#### What you have to do:
Lines before the one holding "Per uomo Pantaloni" are not wanted. Please copy that line and everything after it to the end of the records, exactly, skipping pictures.

#### Exercise materials:
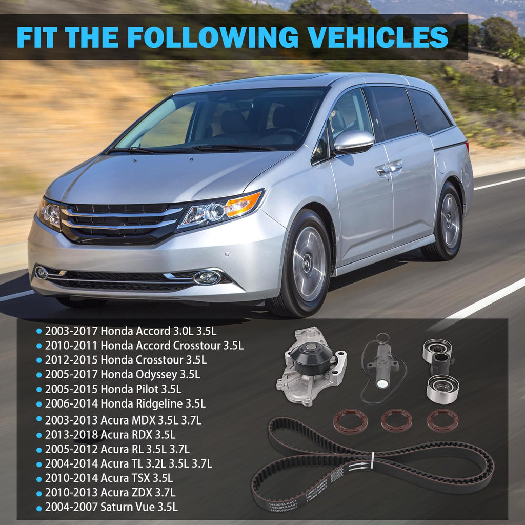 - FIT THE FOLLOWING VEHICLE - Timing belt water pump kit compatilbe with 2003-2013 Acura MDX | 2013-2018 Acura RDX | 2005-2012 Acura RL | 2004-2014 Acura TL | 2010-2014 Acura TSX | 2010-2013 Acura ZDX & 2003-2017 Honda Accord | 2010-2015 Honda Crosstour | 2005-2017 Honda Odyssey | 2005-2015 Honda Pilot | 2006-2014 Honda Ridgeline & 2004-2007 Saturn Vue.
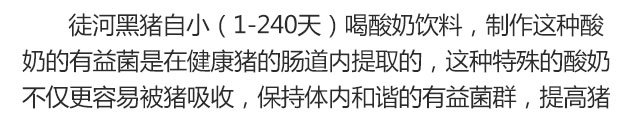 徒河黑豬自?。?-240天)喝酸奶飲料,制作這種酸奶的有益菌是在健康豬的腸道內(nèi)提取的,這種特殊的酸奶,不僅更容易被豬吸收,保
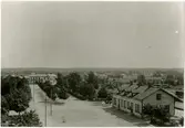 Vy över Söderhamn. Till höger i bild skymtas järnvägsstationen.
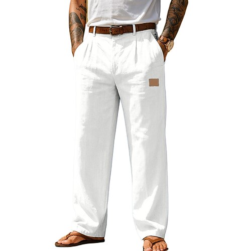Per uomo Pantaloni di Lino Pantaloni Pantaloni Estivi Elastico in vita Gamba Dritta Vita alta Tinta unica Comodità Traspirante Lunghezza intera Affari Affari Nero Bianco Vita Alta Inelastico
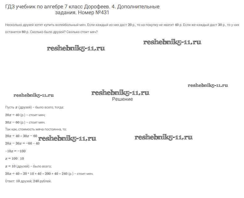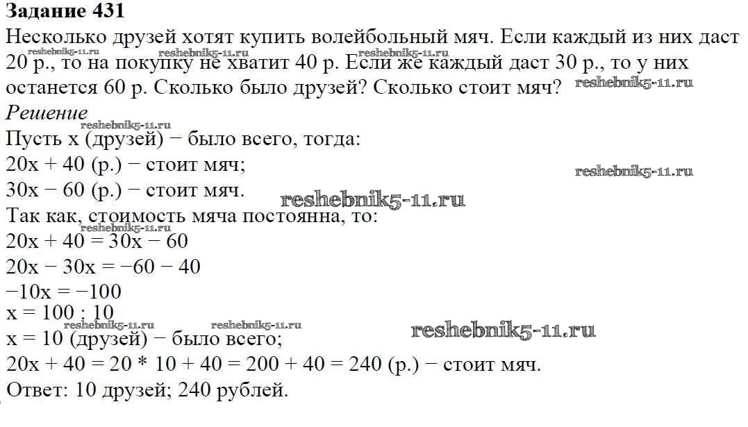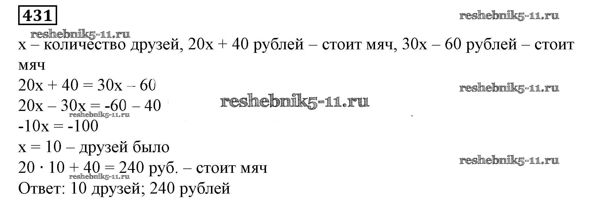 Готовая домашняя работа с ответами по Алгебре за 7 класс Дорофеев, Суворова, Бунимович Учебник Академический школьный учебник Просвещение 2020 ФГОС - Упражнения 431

#### Answer below:
Per uomo Pantaloni di Lino Pantaloni Pantaloni Estivi Elastico in vita Gamba Dritta Vita alta Tinta unica Comodità Traspirante Lunghezza intera Affari Affari Nero Bianco Vita Alta Inelastico
 Готовая домашняя работа с ответами по Алгебре за 7 класс Дорофеев, Суворова, Бунимович Учебник Академический школьный учебник Просвещение 2020 ФГОС - Упражнения 431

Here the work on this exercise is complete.